Sonson Pipirit ou l’inquiétant scénario de Gary Victor
La référence voulue de l’auteur à Astérix le gaulois dans les lodyans du recueil de Sonson Pipirit déclaré chef de gang est évidente. Tout Port-au-Prince est occupée par les hordes de voyous ( Inyon pou Viv) dans le texte, ( Viv Ansanm) dans la réalité. Sauf un petit quartier leur résiste : Makandal avec à sa tête Sonson Pipirit ! La potion magique ici n’est rien d’autre que les sortilèges d’Azimbidim Orikal le diable qui conseille et protège Pipirit. Mais la situation se corse quand on comprend vite que la fédération des bandits ici Inyon Pou Viv est une création d’officines obscures à laquelle a participé certainement la communauté internationale. Celle-ci n’est pas à son coup d’essai comme créatrice de chaos. L’Afrique, surtout en sait quelque chose. Le problème, c’est que Pipirit, qui protège Makandal, armes en main, ne veut pas faire partie de cette fédération. Dès la première lodyans, on montre Sonson Pipirit invité par l’ambassadeur de l’empire en Haïti, qui veut lui faire comprendre qu’il est dans son intérêt d’intégrer la fédération. Ce que Pipirit refuse. Pourtant, on lui a présenté les avantages qu’il aura à tirer lors des grandes spéculations immobilières prévues après ce chaos fabriqué. Pipirit a grandi à Port-au-Prince. Le centre-ville avait été son terrain de jeu, son univers de jeunesse. Il a vu ce que les gangs en ont fait. Il ne veut pas participer à cette destruction. Dans une fête où il est invité chez Albert Buron, le Président Apredye l’aperçoit et lui lance « Men youn nan ti mesye m yo », Pipirit rétorque spontanément : « M pa fè pati ti mesye w yo, prezidan. M pa nan kraze peyi. » C’est une impertinence. Le Président rit jaune. C’est peut-être le début de la fin de Sonson Pipirit qui aura contre lui la communauté internationale, le gouvernement, la presse, et curieusement même les organismes des droits humains.

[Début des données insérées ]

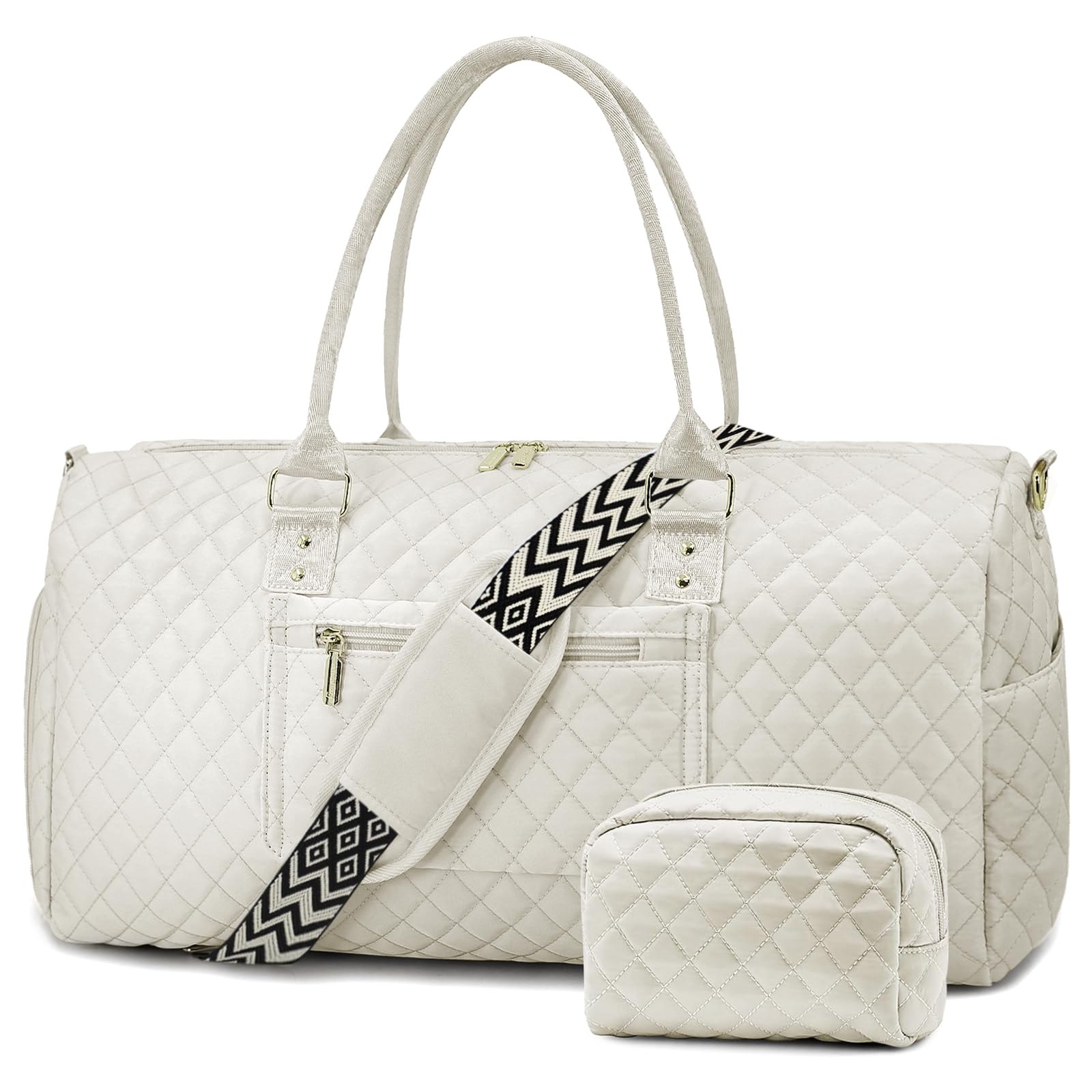 FABIEN CHERON Duffle Bag for Travel,Personal Item Travel Bag with Toiletries Bags,Gym Bags for Men and Women with Wet Pocket & Shoes Compartment(White|Luggage & Bags

Le cercle est fermé. La mise à mort de Sonson Pipirit est programmée. Cette mise à mort sera retardée quand notre héros grâce au pouvoir de son diable, capture deux drones qui auraient dû le pulvériser. C’est la première fois qu’on vise un chef de gang même déclaré avec l’intention certaine de l’atteindre, car, cette fois, en haut lieu, on ne l’avertit pas de l’attaque. Ces deux drones en sa possession, Pipirit, pour un temps, aura son instant de gloire, avec trois ministères en main. Ces deux drones, par après, seront l’instrument d’une vengeance dont rêve certainement toute une population.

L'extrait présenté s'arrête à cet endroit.